Records contained in a dataset:
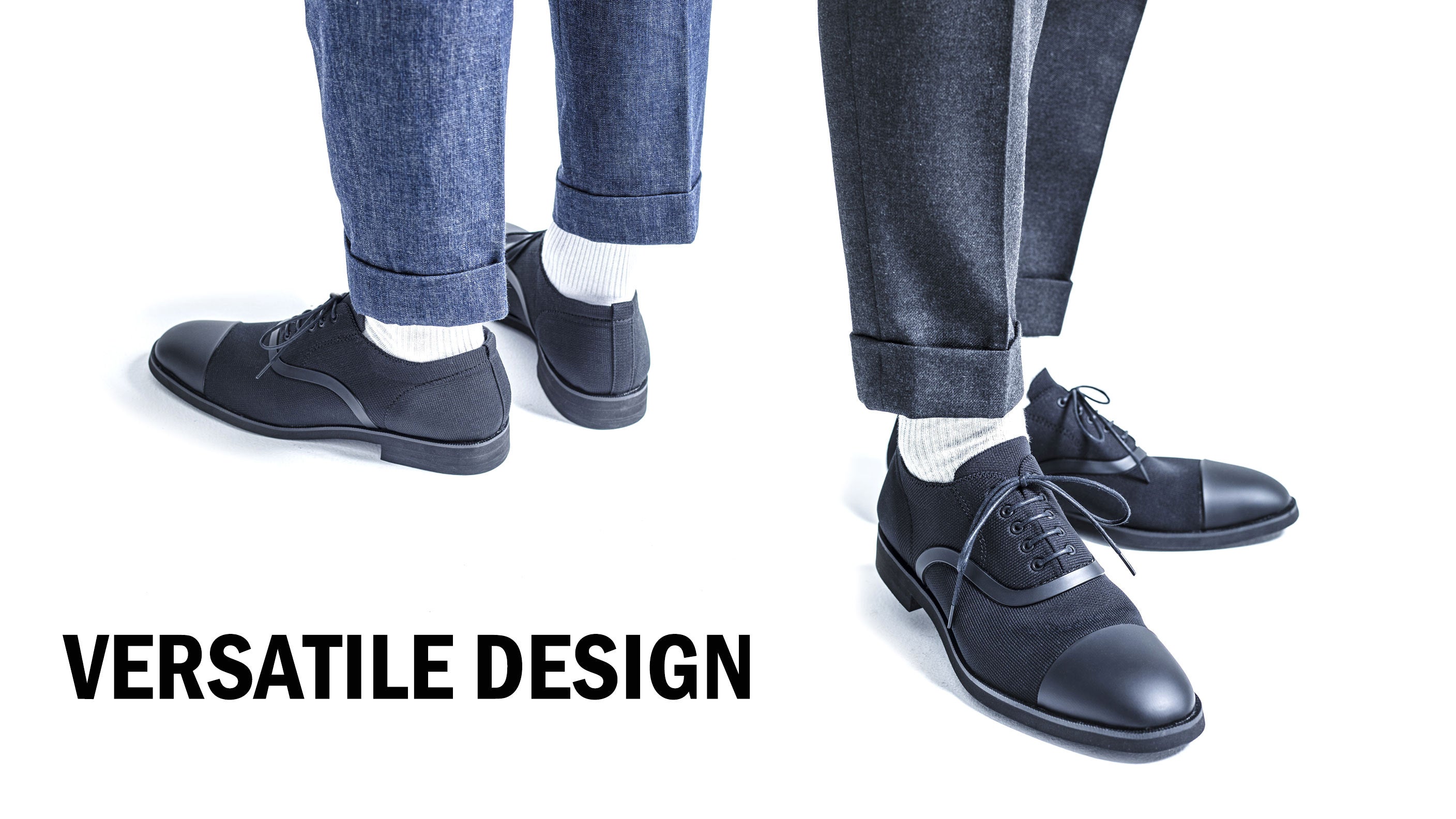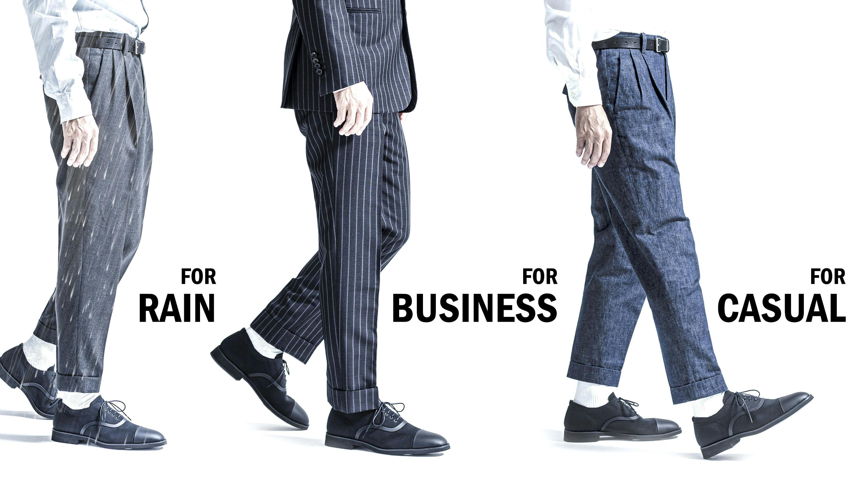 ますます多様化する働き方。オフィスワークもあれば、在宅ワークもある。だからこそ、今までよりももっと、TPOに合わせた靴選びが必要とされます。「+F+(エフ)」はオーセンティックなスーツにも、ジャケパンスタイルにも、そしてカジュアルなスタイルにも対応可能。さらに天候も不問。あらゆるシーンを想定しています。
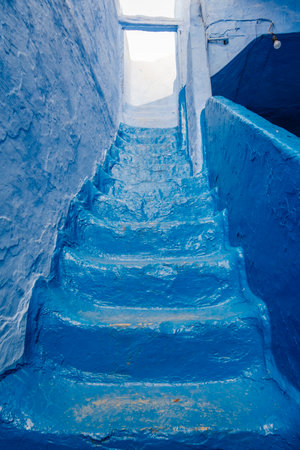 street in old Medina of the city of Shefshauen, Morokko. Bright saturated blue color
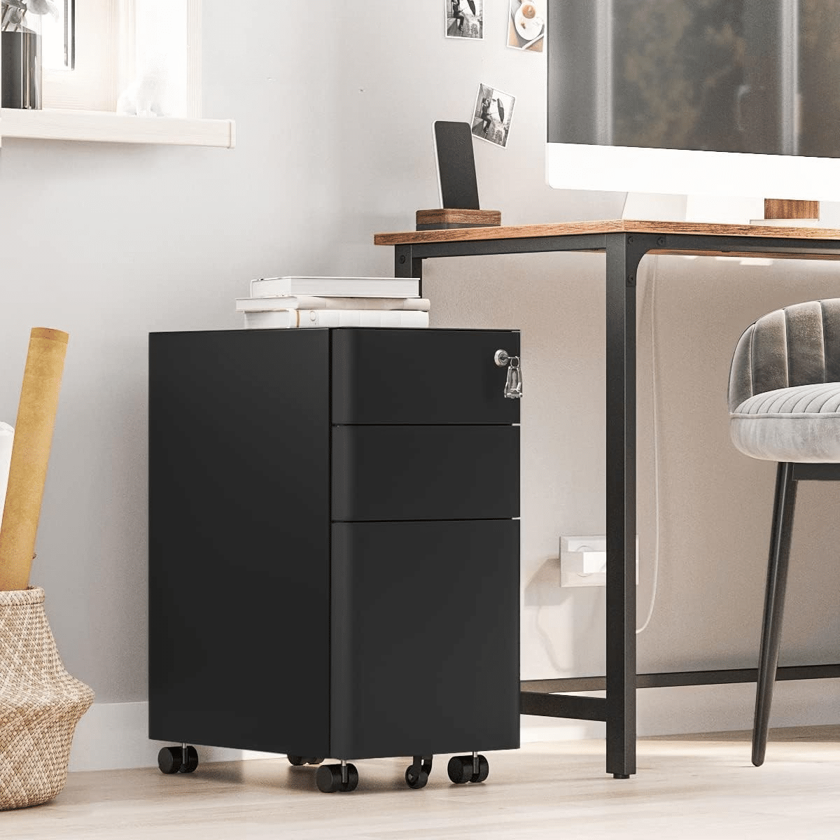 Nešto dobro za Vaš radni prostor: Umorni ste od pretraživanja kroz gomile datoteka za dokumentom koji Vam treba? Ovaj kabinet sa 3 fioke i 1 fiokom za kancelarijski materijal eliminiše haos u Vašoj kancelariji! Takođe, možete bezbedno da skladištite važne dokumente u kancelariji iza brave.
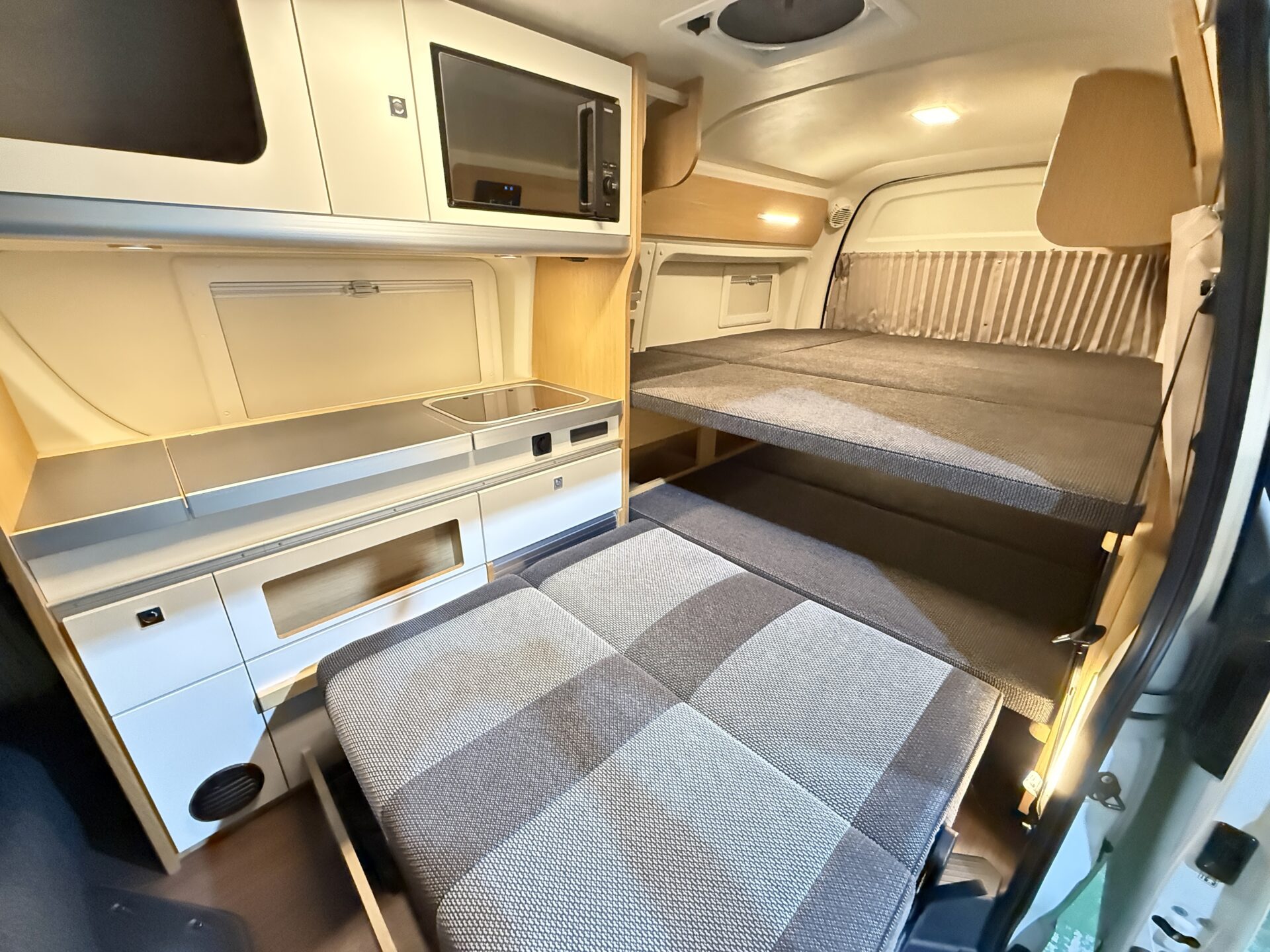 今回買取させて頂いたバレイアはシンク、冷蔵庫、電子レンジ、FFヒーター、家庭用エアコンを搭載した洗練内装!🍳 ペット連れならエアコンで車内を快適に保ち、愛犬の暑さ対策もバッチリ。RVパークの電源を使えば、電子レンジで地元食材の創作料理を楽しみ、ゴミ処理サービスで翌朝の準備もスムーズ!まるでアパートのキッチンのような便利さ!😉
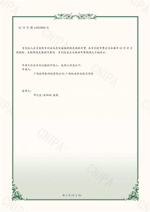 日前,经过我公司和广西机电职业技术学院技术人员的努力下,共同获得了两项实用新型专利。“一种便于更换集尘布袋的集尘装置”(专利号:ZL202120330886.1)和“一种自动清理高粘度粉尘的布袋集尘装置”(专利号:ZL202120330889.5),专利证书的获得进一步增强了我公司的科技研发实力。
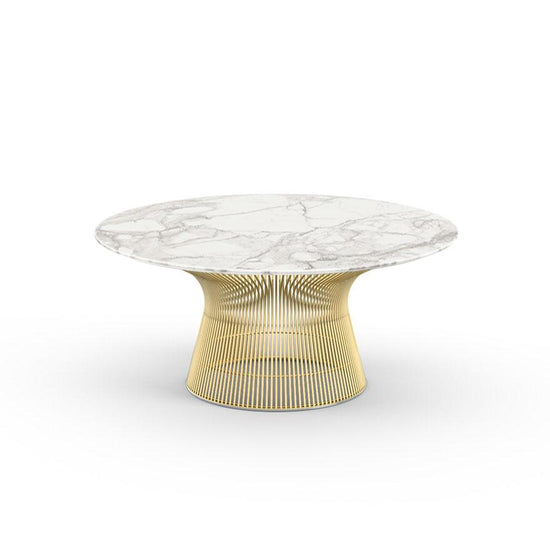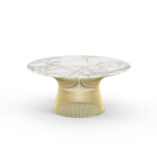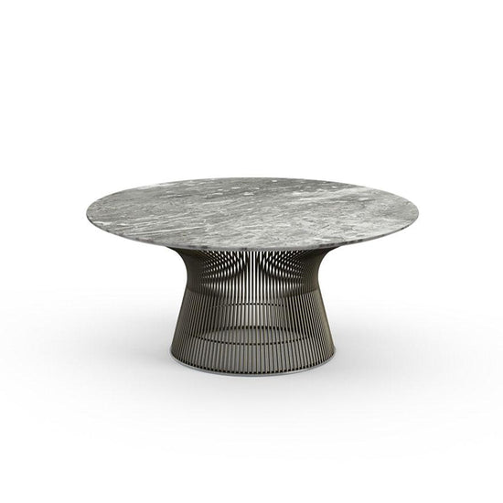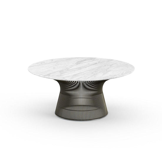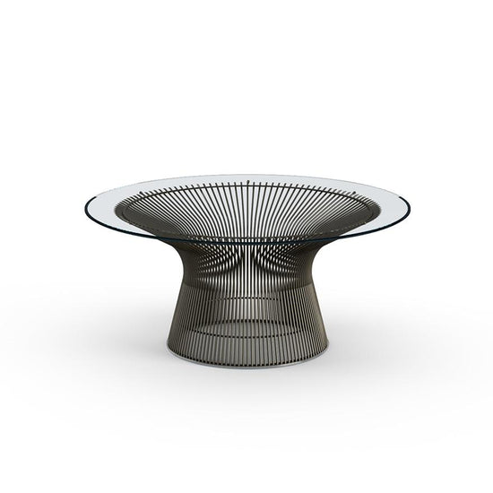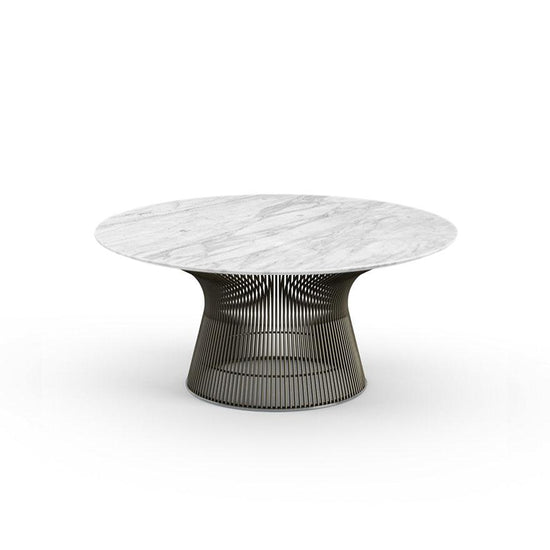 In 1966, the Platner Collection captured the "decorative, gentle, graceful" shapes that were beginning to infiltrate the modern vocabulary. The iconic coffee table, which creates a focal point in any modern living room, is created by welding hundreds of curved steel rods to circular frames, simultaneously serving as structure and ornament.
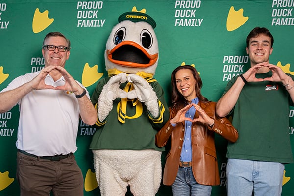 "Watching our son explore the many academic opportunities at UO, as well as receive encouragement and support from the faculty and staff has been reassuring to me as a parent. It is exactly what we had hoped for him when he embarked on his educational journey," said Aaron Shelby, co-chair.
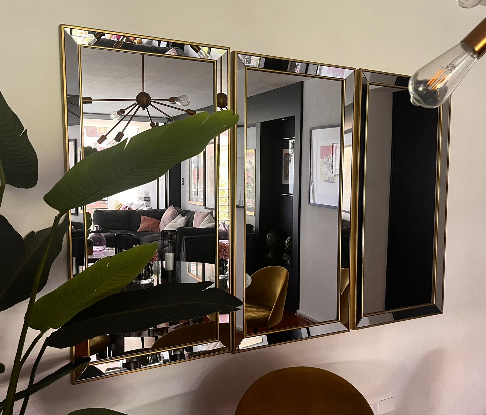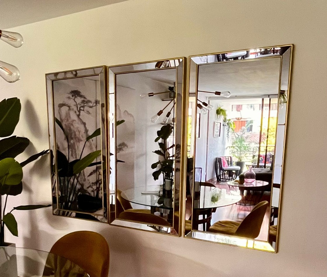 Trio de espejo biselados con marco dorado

* WHAT TO PRODUCE
Would you return all of the data above word for word, omitting every picture?

* YOUR SOLUTION
 ますます多様化する働き方。オフィスワークもあれば、在宅ワークもある。だからこそ、今までよりももっと、TPOに合わせた靴選びが必要とされます。「+F+(エフ)」はオーセンティックなスーツにも、ジャケパンスタイルにも、そしてカジュアルなスタイルにも対応可能。さらに天候も不問。あらゆるシーンを想定しています。
 street in old Medina of the city of Shefshauen, Morokko. Bright saturated blue color
 Nešto dobro za Vaš radni prostor: Umorni ste od pretraživanja kroz gomile datoteka za dokumentom koji Vam treba? Ovaj kabinet sa 3 fioke i 1 fiokom za kancelarijski materijal eliminiše haos u Vašoj kancelariji! Takođe, možete bezbedno da skladištite važne dokumente u kancelariji iza brave.
 今回買取させて頂いたバレイアはシンク、冷蔵庫、電子レンジ、FFヒーター、家庭用エアコンを搭載した洗練内装!🍳 ペット連れならエアコンで車内を快適に保ち、愛犬の暑さ対策もバッチリ。RVパークの電源を使えば、電子レンジで地元食材の創作料理を楽しみ、ゴミ処理サービスで翌朝の準備もスムーズ!まるでアパートのキッチンのような便利さ!😉
 日前,经过我公司和广西机电职业技术学院技术人员的努力下,共同获得了两项实用新型专利。“一种便于更换集尘布袋的集尘装置”(专利号:ZL202120330886.1)和“一种自动清理高粘度粉尘的布袋集尘装置”(专利号:ZL202120330889.5),专利证书的获得进一步增强了我公司的科技研发实力。
 In 1966, the Platner Collection captured the "decorative, gentle, graceful" shapes that were beginning to infiltrate the modern vocabulary. The iconic coffee table, which creates a focal point in any modern living room, is created by welding hundreds of curved steel rods to circular frames, simultaneously serving as structure and ornament.
 "Watching our son explore the many academic opportunities at UO, as well as receive encouragement and support from the faculty and staff has been reassuring to me as a parent. It is exactly what we had hoped for him when he embarked on his educational journey," said Aaron Shelby, co-chair.
 Trio de espejo biselados con marco dorado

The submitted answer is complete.